• _Extracted entries_:
· · · · ·
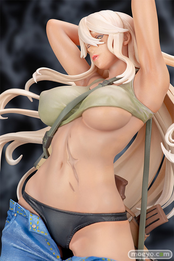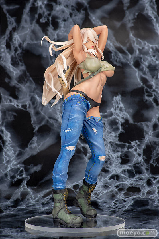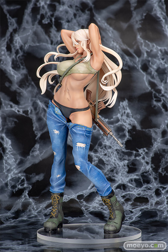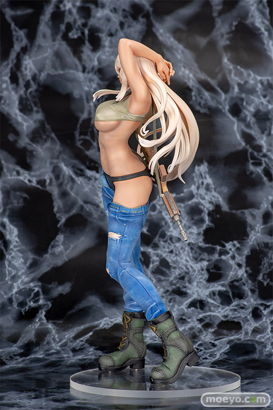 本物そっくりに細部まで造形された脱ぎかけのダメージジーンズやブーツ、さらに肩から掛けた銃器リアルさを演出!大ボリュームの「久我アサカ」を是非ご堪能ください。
· · · · ·
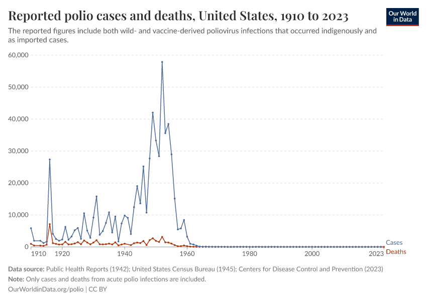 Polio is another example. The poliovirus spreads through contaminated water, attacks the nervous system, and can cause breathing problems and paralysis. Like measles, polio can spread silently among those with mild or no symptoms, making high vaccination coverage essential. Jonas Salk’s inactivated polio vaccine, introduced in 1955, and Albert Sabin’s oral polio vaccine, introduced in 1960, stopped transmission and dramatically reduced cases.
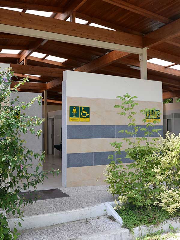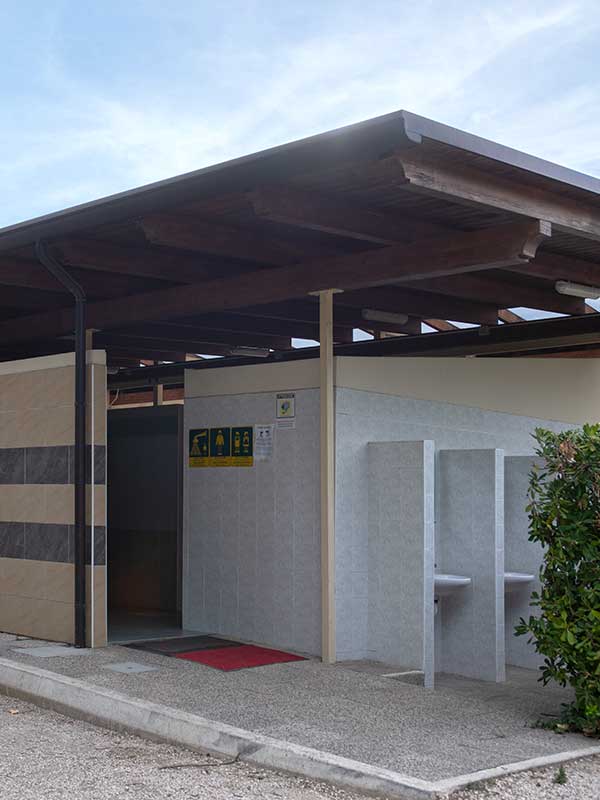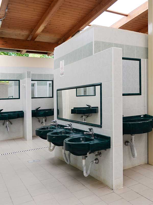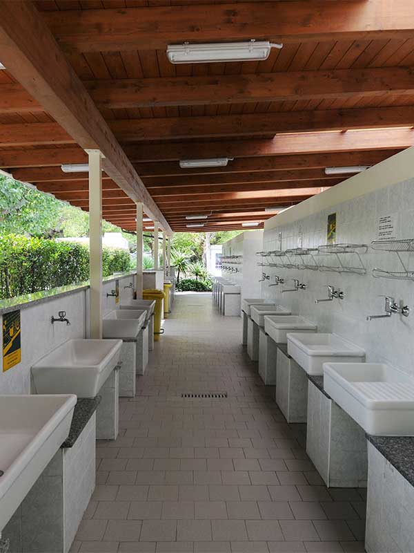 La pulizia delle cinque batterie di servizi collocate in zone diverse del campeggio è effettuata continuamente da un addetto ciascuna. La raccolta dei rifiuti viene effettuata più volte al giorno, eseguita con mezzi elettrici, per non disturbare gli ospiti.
· · · · ·
Within the listing above, the stretch from the line with "Polio is another" down to the line with "La pulizia delle" is to be given again exactly, end lines included and pictures excluded.

 Polio is another example. The poliovirus spreads through contaminated water, attacks the nervous system, and can cause breathing problems and paralysis. Like measles, polio can spread silently among those with mild or no symptoms, making high vaccination coverage essential. Jonas Salk’s inactivated polio vaccine, introduced in 1955, and Albert Sabin’s oral polio vaccine, introduced in 1960, stopped transmission and dramatically reduced cases.
 La pulizia delle cinque batterie di servizi collocate in zone diverse del campeggio è effettuata continuamente da un addetto ciascuna. La raccolta dei rifiuti viene effettuata più volte al giorno, eseguita con mezzi elettrici, per non disturbare gli ospiti.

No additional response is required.